# 16 hp horizontal briggs



## mrthev5 (Jul 2, 2009)

i have a 16 hp horizontal briggs. I can get it to fire on starter fluid. When i pull the carb top off, it is full of fuel. I have sprayed out all the lines I can with out removing the carb because unlike the vertical shafts, this one appears to be much more complicated to remove. when the engine is cranking i see no feul flowing out of the main jet. do these engines have a shut-off / after fire arrester that could be causing the gas not to flow? There is no hose connected to the overflow line either if that makes a difference.

on another issue, it appear oil is leaking out of the rear of the engine around the flywheel. What could cause that? Both cylindars are moving so I don't believe rod was thrown to blow up the housing but have gotten that far into the tear down to check.

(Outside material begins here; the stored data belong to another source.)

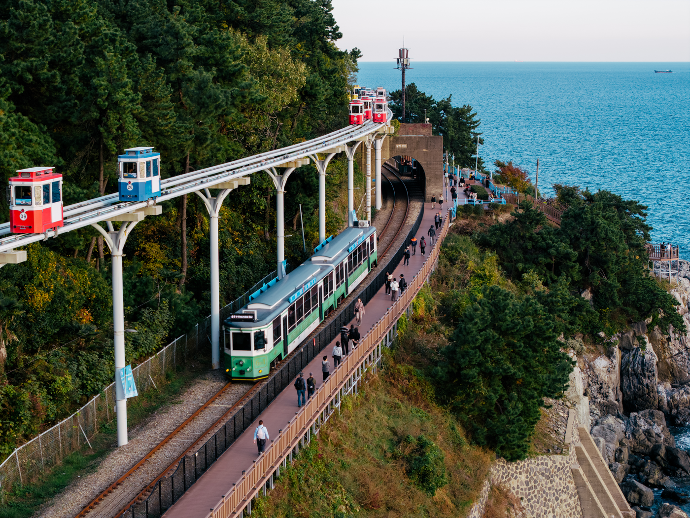 푸른 바다와 이어지는 철길 풍경, 천천히 달리는 해변열차, 그리고 하늘 위를 달리는 듯한 스카이캡슐까지 이곳에서는 부산 바다의 매력을 다양한 방식으로 경험할 수 있습니다.
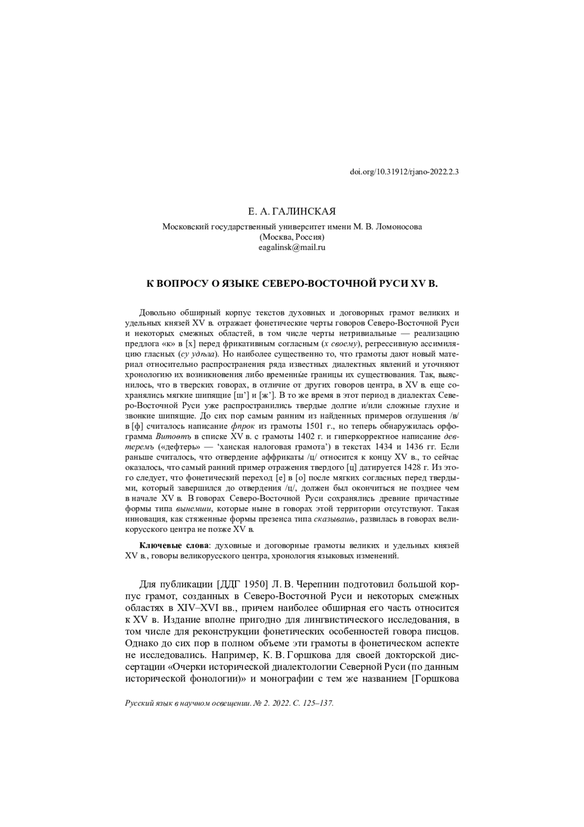 Для публикации [ДДГ 1950] Л. В. Черепнин подготовил большой корпус грамот, созданных в Северо-Восточной Руси и некоторых смежных областях в XIV–XVI вв., причем наиболее обширная его часть относится к XV в. Издание вполне пригодно для лингвистического исследования, в том числе для реконструкции фонетических особенностей говора писцов. Однако до сих пор в полном объеме эти грамоты в фонетическом аспекте не исследовались.
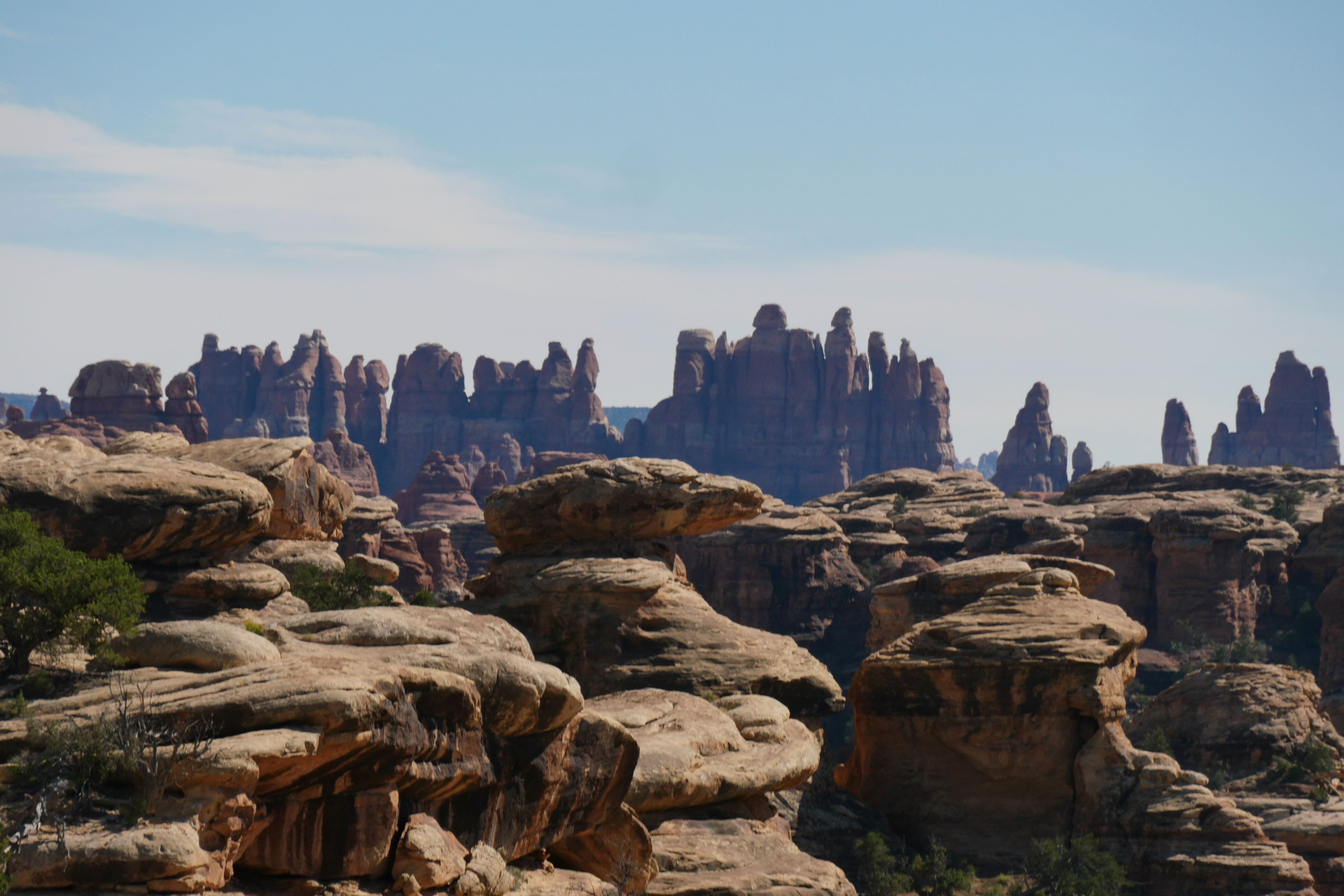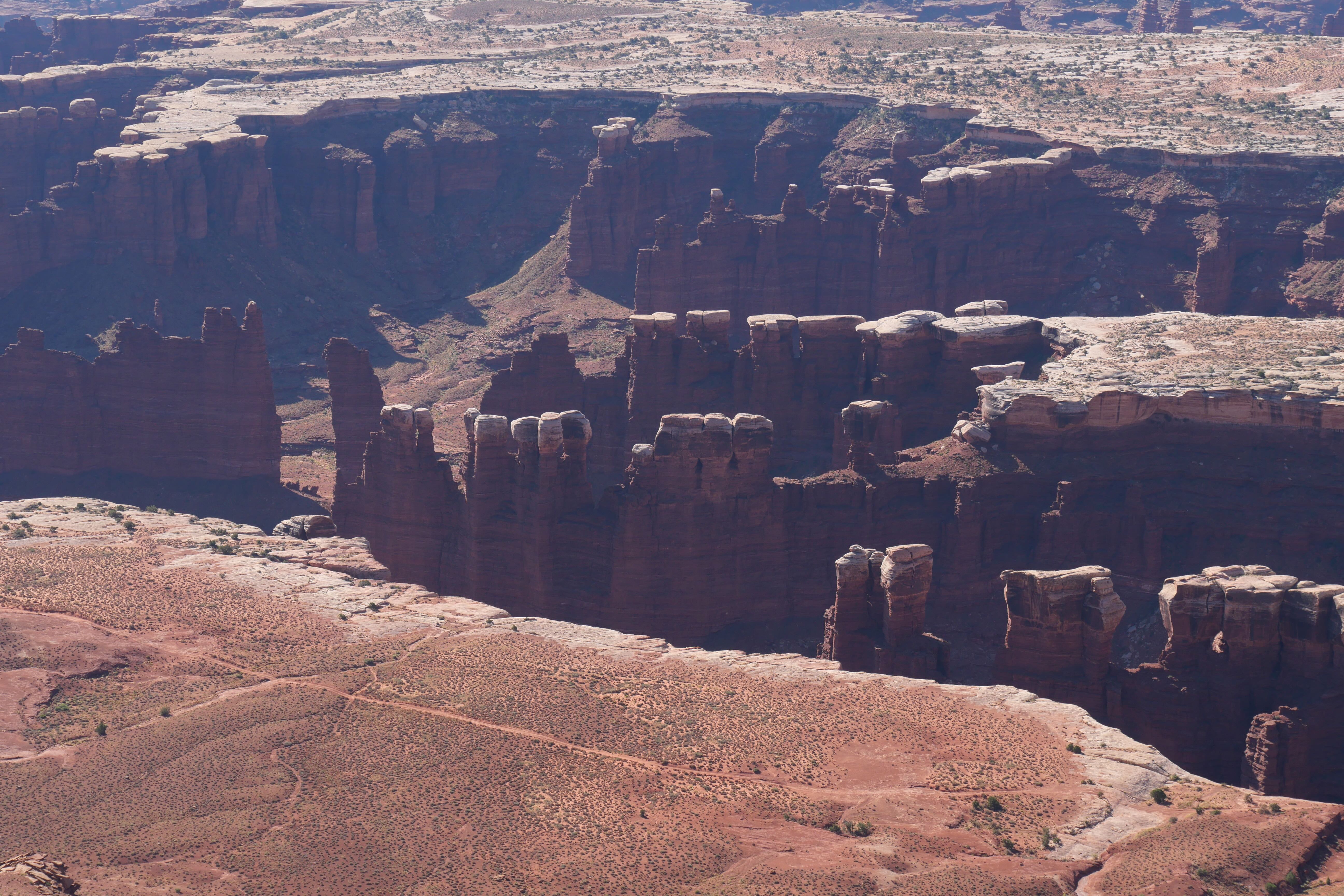 Ce parc a la particularité de se diviser en deux parties, dont les entrées sont distinctes et éloignées de plusieurs dizaines de miles. La plus connue et visitée reste la partie Nord, nommée Island in the Sky, où les principaux paysages sont des canyons, accessibles soit via des trails, soit même via des routes/pistes sillonnant le parc sur des dizaines de kilomètres également. Nous avons pas mal hésité à tenter l’expérience sur ne serait-ce que quelques miles, notre pick-up nous rassurant pas mal sur nos capacités en tout terrain abordable, mais le manque de temps nous a poussé à ne faire que quelques randonnées, pas toujours simples à cause de la chaleur. L’autre partie du parc s’appelle le Needles District, les Needles (aiguilles en français) étant en fait des formations rocheuses très fines, souvent répétées les unes à côté des autres. Elle se situe bien plus au Sud, est moins fréquentée car plus loin des axes principaux, mais regorge de trails dignes d’être parcourus par ceux qui s’en donnent les moyens et prennent leur journée sur place. Nous ne ferons qu’y passer pour nous en faire un avis que nous vous partagerons ci-dessous.
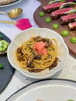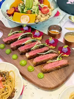 The wagyu beef, which is secretly prepared by the chef, has a crispy texture on the outside while retaining its pink and tender color on the inside. The meat is soft and crispy when eaten, and has a rich taste.
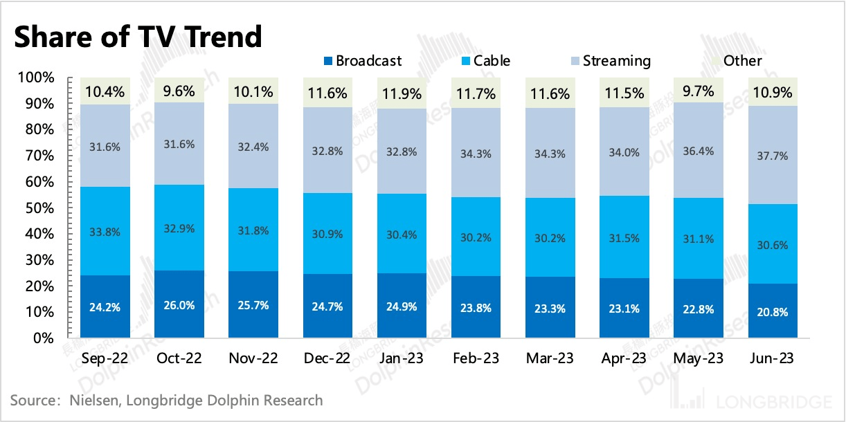 尼尔森数据显示,年初以来 TV 用户花在有线电视频道上的时长份额继续趋势性下滑。中长期来看,有线电视的广告收入将继续承压。
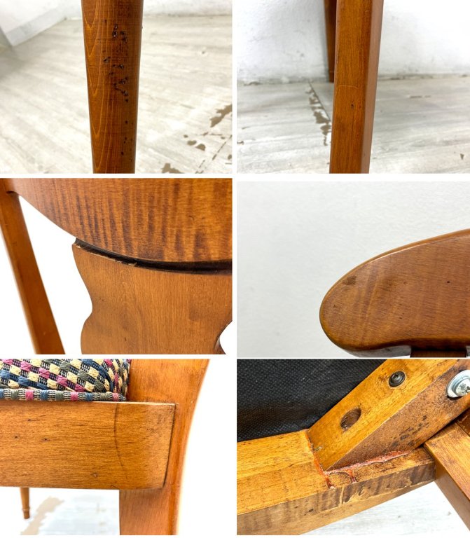 使用に伴い、擦れや打痕、色ムラ、補修痕、染み、取りきれない汚れ等が見受けられます。また、クッションに取り切れない汚れや毛羽立ちなどがございますがへたりなどはなく、これからも気持ちよく実用いただけるコンディションを保っております。

engine info briggs horizontal shaft 303447-1147-e1


----------



## mrthev5 (Jul 2, 2009)

Update. found the gas issue...bad fuel solenoid. Tearing down the motor now though...Oil is flow out of somewhere pretty bad...I imagine i have a blow head gasket. Hopefully that is it. If so, this motor should run very well when done.


----------



## mrthev5 (Jul 2, 2009)

I pulled off the heads and both gaskets appear complete and in good shape. When I was removing the bolts on one of the heads, 1 of the bolts seems to loosen a bit easier then the rest. This is the same side, I found that the original owner used liquid gasket in collaboration with the original rubber seal for the OHV cover. Would this one bolt cause the engine to leak oil up to the breather. I am in the middle of cleaning the entire engine because it was so dirty, I could not see where the oil was coming from when it was mounted on the mower. I am tempted to reassemble and try this thing again. First time working on a horizontal motor. Most things seem the same but it is a different beast when taking the shrouding, intake and carb off.


----------